→ **The data**:
########

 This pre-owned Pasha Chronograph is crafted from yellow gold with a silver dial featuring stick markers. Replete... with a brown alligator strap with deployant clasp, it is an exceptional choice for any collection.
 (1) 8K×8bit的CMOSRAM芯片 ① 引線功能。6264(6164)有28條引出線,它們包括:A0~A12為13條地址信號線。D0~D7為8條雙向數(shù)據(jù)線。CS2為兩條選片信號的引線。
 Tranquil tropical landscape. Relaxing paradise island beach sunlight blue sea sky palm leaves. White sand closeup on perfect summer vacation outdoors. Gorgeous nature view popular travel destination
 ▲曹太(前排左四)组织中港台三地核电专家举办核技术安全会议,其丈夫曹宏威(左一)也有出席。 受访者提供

########

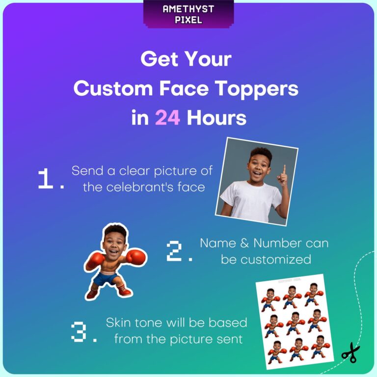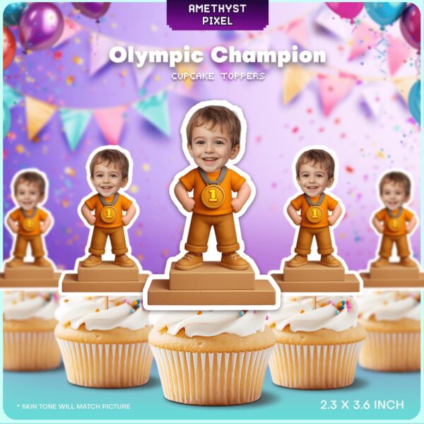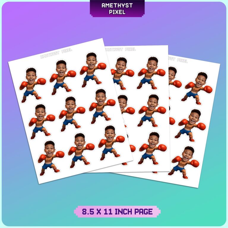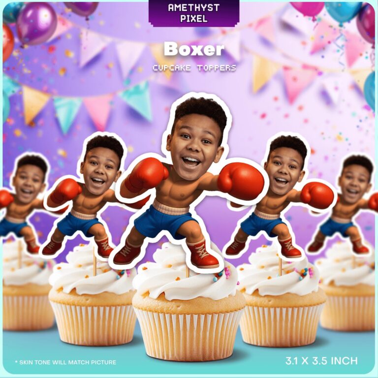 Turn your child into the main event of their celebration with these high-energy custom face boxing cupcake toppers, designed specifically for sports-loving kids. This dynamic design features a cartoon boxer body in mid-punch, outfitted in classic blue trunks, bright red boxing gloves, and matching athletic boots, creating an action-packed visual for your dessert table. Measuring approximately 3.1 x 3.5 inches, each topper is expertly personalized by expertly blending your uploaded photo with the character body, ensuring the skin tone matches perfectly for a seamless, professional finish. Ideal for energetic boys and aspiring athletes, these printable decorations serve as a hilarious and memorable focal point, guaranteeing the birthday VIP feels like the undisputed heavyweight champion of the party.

########

Within the listing above, give again exactly every line from the line with "This pre-owned Pasha" through the line with "(1) 8K×8bit的CMOSRAM芯片 ①", both included, and no other line.

→ **Task result**:
 This pre-owned Pasha Chronograph is crafted from yellow gold with a silver dial featuring stick markers. Replete... with a brown alligator strap with deployant clasp, it is an exceptional choice for any collection.
 (1) 8K×8bit的CMOSRAM芯片 ① 引線功能。6264(6164)有28條引出線,它們包括:A0~A12為13條地址信號線。D0~D7為8條雙向數(shù)據(jù)線。CS2為兩條選片信號的引線。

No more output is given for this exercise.